Put a couple of largish rocks in her bowl that she will have to eat around.


----------



## Willowgirl (Jan 28, 2020)

reraven123 said:


> Put a couple of largish rocks in her bowl that she will have to eat around.


Oh wow! That’s a fantastic idea! Thank you


----------



## PeggyTheParti (Sep 5, 2019)

And if you do decide to buy a slow feeder, this one worked great for our mini. It slowed her down, but not to a frustrating degree:









OUTWARD HOUND Fun Feeder Interactive Dog Bowl, Purple, 4 cup - Chewy.com


Buy Outward Hound Fun Feeder Interactive Dog Bowl, Purple, 4 cup at Chewy.com. FREE shipping and the BEST customer service!




www.chewy.com





There are many different styles to choose from.


----------



## Mfmst (Jun 18, 2014)

It’s a good thing that your puppy is an enthusiastic eater! I saw a floor mat with silicon spikes that looked effective and dishwasher safe. If you could train and treat for kibble that would be #puppygoals.


----------



## Willowgirl (Jan 28, 2020)

I was driving on the coast today and saw a pet store completely empty so I went in and got her a slow feeder. She keeps getting distracted and running outside to bark at something. It’s really slowed her down.


----------



## PeggyTheParti (Sep 5, 2019)

Mfmst said:


> It’s a good thing that your puppy is an enthusiastic eater! I saw a floor mat with silicon spikes that looked effective and dishwasher safe. If you could train and treat for kibble that would be #puppygoals.


I use kibble as training treats! Wonderfully cost effective. The key for Peggy is to use different kibbles for meal times vs. training. She gets Honest Kitchen as treats, Farmina for meals. I love Honest Kitchen for treats because it's human-grade, so I don't worry about having it in my pockets or feel the need to wash my hands constantly. And it smells good!


----------



## Willowgirl (Jan 28, 2020)

PeggyTheParti said:


> I use kibble as training treats! Wonderfully cost effective. The key for Peggy is to use different kibbles for meal times vs. training. She gets Honest Kitchen as treats, Farmina for meals. I love Honest Kitchen for treats because it's human-grade, so I don't worry about having it in my pockets or feel the need to wash my hands constantly. And it smells good!

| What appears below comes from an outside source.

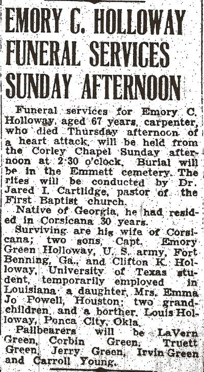 Highway 19. A resident of Tool and a native of Kerens, he was a retired captain in the U.S. Army, serving in World War II,
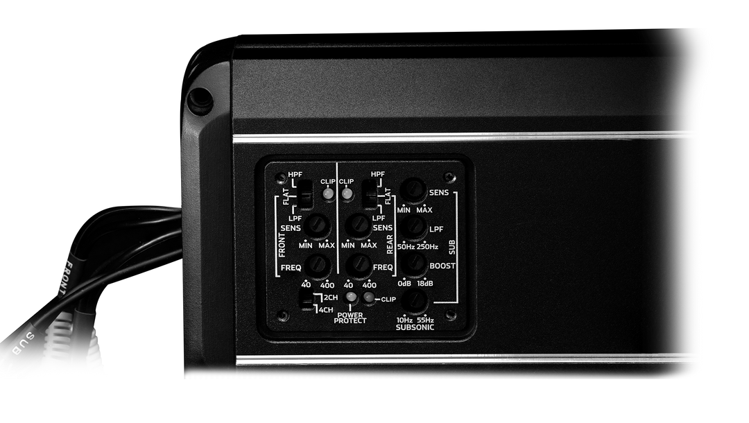 - Crossover Range: HPF: 40-400Hz (F&R CHs) LPF: 50-250Hz (SUB)

Oh wow that is such a good idea!! Willow will take her regular kibble for training. She loves it!


----------



## PeggyTheParti (Sep 5, 2019)

Willowgirl said:


> Oh wow that is such a good idea!! Willow will take her regular kibble for training. She loves it!

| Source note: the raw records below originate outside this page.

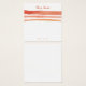 Une carte d'oreille et de collier simple et brillante présente des rayures de style peint à la main dans des tons chauds en terre cuite avec texte modifiable pour un nom de magasin et ligne de contact, donnant à bijoux faits main une présentation cohésive et professionnelle pour les vendeurs Etsy et les étalages du marché. Construites pour la polyvalence, les repères imprimés indiquent où placer les boucles d'oreilles ou les colliers de fil et les bracelets, ce qui aide à maintenir une disposition uniforme sur les listes et les foires artisanales. Les couleurs, les polices et les tailles peuvent être customisées en fonction du style de la marque. Ajoutez des poignées de médias sociaux ou un lien Web pour encourager les suiveurs et les ventes répétées tout en gardant la carte propre et moderne.
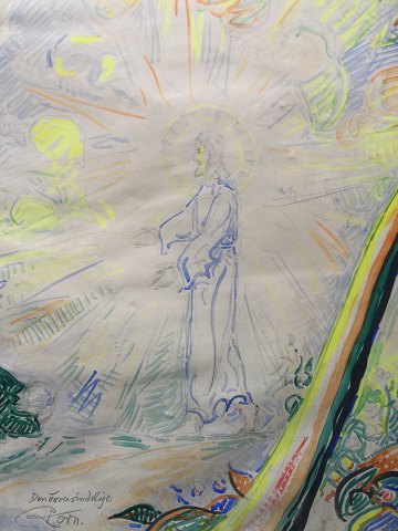 Hans Jørgen Korn (1888-1963): Kristus den Uovervindelige. Akvarel på papir. Sign.: Korn Betegnet - Den Uovervindelige 54x74 (58x79) En meget smuk og veludført komposition. 11225
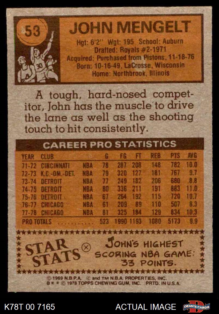 1978 Topps #53 John Mengelt 6.5 - EX/MT+
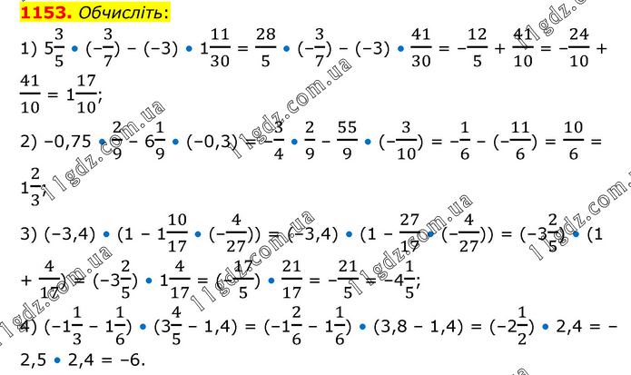 Обчисліть: 1) 53/5 • (–3/7) – (–3) • 111/30 = 28/5 • (–3/7) – (–3) • 41/30 = –12/5 + 41/10 = –24/10 + 41/10 = 117/10; 2) –0,75 • 2/9 – 61/9 • (–0,3) = –3/4 • 2/9 – 55/9 • (–3/10) = –1/6 – (–11/6) = 10/6 = 12/3; 3) (–3,4) • (1 – 110/17 • (–4/27)) = (–3,4) • (1 – 27/17 • (–4/27)) = (–32/5) • (1 + 4/17) = (–32/5) • 14/17 = (–17/5) • 21/17 = –21/5 = –41/5; 4) (–11/3 – 11/6) • (34/5 – 1,4) = (–12/6 – 11/6) • (3,8 – 1,4) = (–21/2) • 2,4 = –2,5 • 2,4 = –6.

Yay! Good girl, Willow. That's super useful. Then you can reserve the high-value rewards for very specific training situations. For those, we carry a string cheese with us on walks and other outings. Never know when you'll need it!


----------



## Willowgirl (Jan 28, 2020)

Yeah I need to find some high reward item. The problem I have is I just adore her. If she’s being all cute I’ll have her twirl and jump and shake and then give her the high value item!!! So I’m constantly having to find a new one for when we are out. She won’t pay attention to me if we are out on a walk and a person is in view.


----------



## Michigan Gal (Jun 4, 2019)

I feed raw and I've watched Boston terrors swallow chicken drumsticks whole. No problems. They have to be trained to chew before swallowing. You might consider getting a larger kibble.


----------



## Willowgirl (Jan 28, 2020)

I got a slow feeder yesterday. She doesn’t even finish her food now. I’m glad someone suggested it! Thank you!


----------



## PeggyTheParti (Sep 5, 2019)

Willowgirl said:


> I got a slow feeder yesterday. She doesn’t even finish her food now. I’m glad someone suggested it! Thank you!

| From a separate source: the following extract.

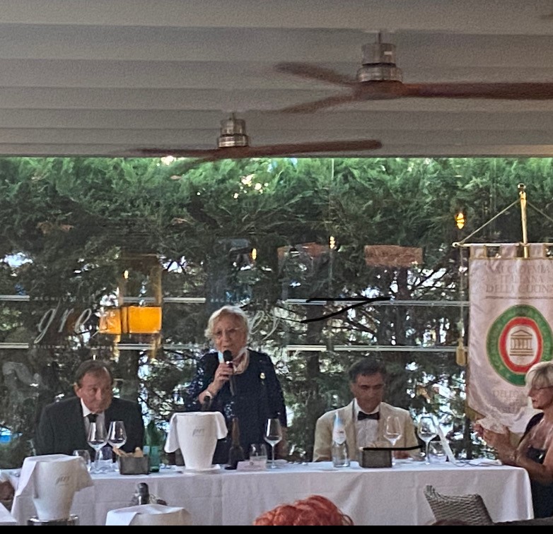 Partecipatissima Conviviale nella più stretta osservanza delle regole anti Covid presso il ristorante Il Gambero di Porto Sant’Elpidio. Il tema della stagionalità del pesce ha avuto piena rispondenza nel menu ove Piero De Santis (in foto 1 con il Delegato Fabio Torresi) ha proposto una carrellata dei pesci di stagione del medio Adriatico. Gli ospiti sono stati accolti con un calice accompagnato da stuzzichini a bordo piscina per poi riunirsi a tavola nell’accogliente sala interna. Ad un primo antipasto di panocchie al vapore è seguito un hamburgher di triglia e nasello per poi passare ai trucioli del Pastificio Carla Latini con dadolata di sgombro e mirepois di verdure. Ricchissima la grigliata mista e per finire zuppa inglese e passito. La serata è stata infarcita di vari momenti quali l’investitura ad Accademica di Luciana Cantarini (foto 2), il ricordo di Abdullani Makki consorte di Nadia Zacchi e dell’Accademico Walter Lattanzi con la consegna di un cadeaux alla famiglia. Molto interessante la relazione del dott.Tonino Giardini, Direttore nazionale settore pesca della Confagricoltura (a sinistra in foto 3, a destra Ugo Bellesi Delegato di Macerata) il quale ha dissertato sulle varie problematiche legate al settore, quali il fermo pesca, l'acquacoltura e la commercializzazione dei prodotti ittici.

That's really good to hear. It sounds like she might be tuning in a little better now to her satiety signals.


----------



## Willowgirl (Jan 28, 2020)

So it’s been a week and she’s doing really well with the slow feeder. She isn’t eating as much as she did before which is good because she was eating nearly three cups a day before and now about 2. Thanks for the help guys!!


----------